# How to complete this task
Repeat exactly the lines of the material below that run from the "Série PF de 6 à 14 mm" line to the "Respirador cara completa" line, including both, and do not carry over any pictures.

# Material provided
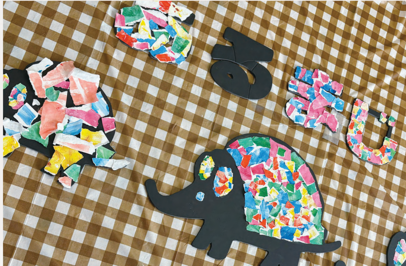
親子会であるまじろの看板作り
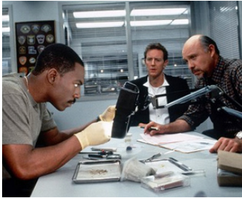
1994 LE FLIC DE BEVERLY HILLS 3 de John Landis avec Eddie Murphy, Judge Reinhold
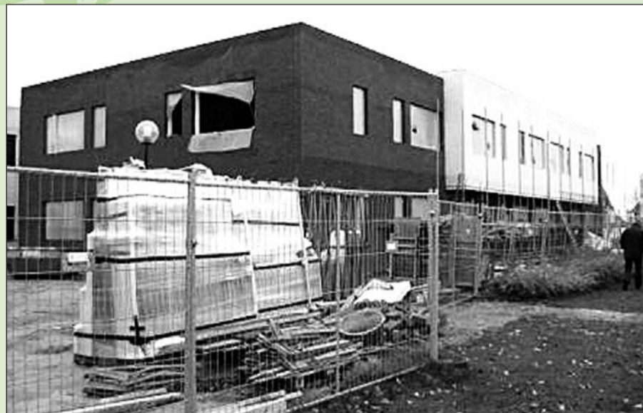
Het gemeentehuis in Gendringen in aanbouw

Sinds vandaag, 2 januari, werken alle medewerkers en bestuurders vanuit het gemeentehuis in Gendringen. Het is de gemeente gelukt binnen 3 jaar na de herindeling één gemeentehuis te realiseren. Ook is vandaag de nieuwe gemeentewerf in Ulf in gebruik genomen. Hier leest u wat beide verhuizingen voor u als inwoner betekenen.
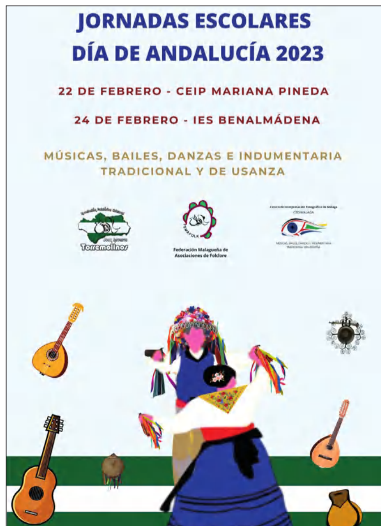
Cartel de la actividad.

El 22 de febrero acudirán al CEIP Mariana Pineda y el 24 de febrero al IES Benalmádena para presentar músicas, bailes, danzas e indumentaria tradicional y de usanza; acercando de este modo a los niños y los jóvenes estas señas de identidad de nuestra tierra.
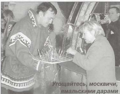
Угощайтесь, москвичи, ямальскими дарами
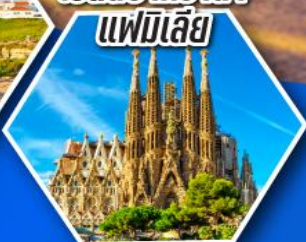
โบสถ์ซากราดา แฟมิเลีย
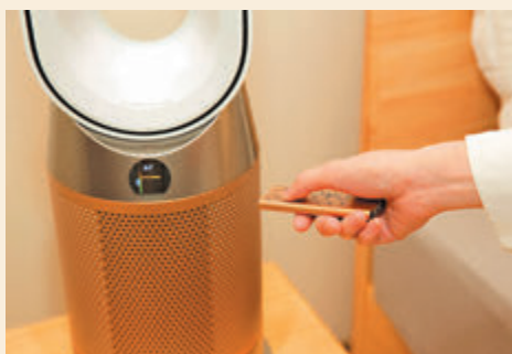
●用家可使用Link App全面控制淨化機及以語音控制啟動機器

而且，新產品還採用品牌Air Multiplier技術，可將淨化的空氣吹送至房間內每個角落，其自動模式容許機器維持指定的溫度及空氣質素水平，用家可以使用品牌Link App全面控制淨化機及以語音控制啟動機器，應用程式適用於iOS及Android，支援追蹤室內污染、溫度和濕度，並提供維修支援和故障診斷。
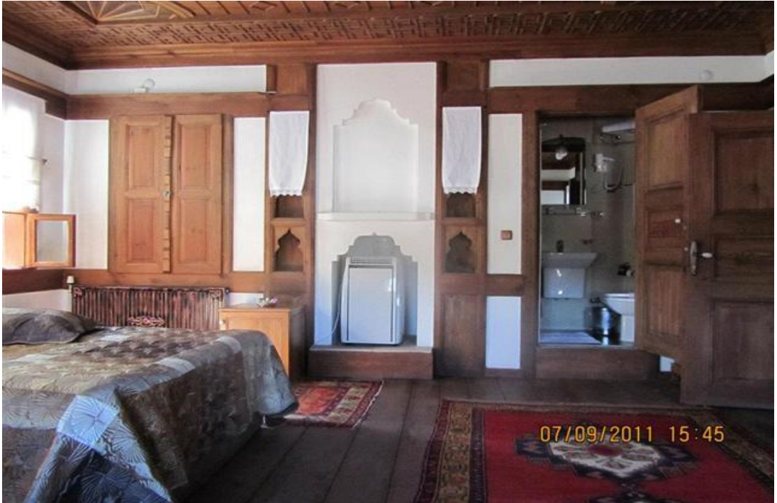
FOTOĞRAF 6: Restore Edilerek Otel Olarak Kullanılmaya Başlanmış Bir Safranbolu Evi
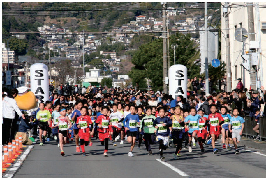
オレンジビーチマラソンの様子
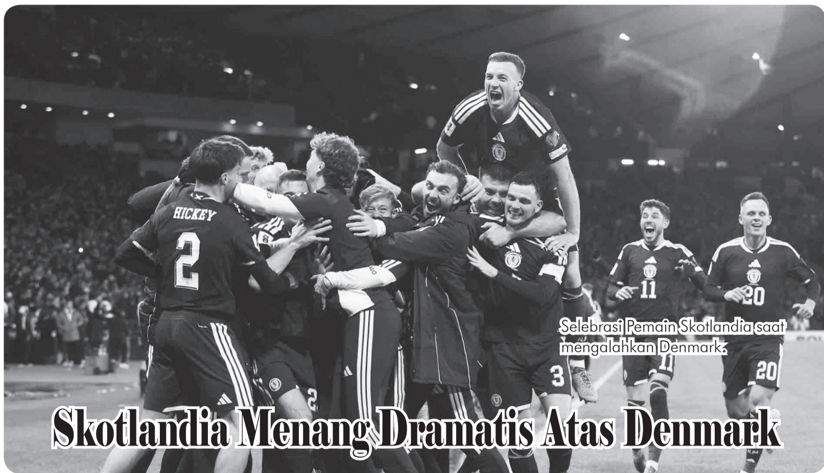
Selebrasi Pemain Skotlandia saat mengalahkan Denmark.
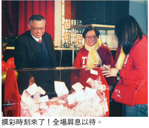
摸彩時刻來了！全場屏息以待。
* * *
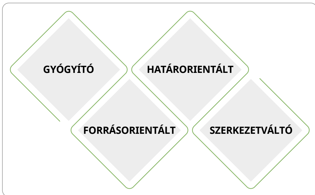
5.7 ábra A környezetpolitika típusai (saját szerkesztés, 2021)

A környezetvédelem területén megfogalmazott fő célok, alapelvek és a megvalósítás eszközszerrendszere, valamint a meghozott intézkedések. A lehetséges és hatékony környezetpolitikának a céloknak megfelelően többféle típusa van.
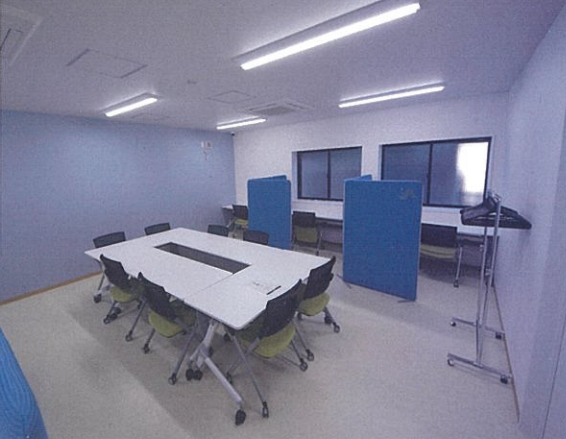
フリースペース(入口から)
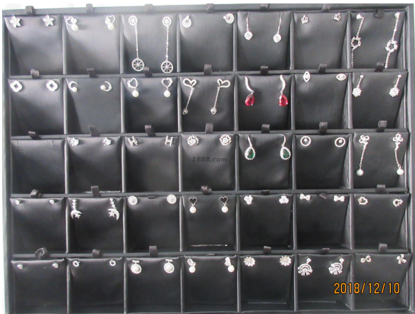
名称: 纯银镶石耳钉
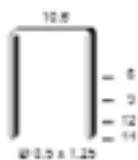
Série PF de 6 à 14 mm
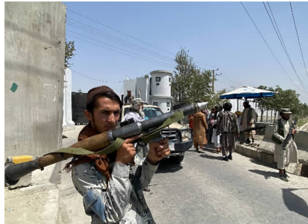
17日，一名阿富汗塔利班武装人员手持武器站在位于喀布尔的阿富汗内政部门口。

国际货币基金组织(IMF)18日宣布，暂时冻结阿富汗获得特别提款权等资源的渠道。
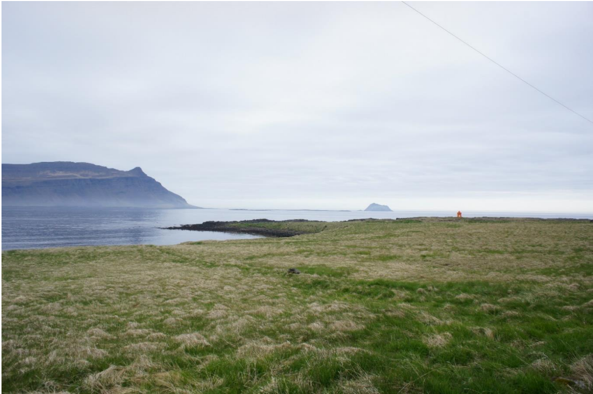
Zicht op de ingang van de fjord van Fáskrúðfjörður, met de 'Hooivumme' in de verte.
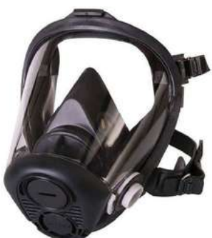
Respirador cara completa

# Answer to the problem
Série PF de 6 à 14 mm
17日，一名阿富汗塔利班武装人员手持武器站在位于喀布尔的阿富汗内政部门口。

国际货币基金组织(IMF)18日宣布，暂时冻结阿富汗获得特别提款权等资源的渠道。
Zicht op de ingang van de fjord van Fáskrúðfjörður, met de 'Hooivumme' in de verte.
Respirador cara completa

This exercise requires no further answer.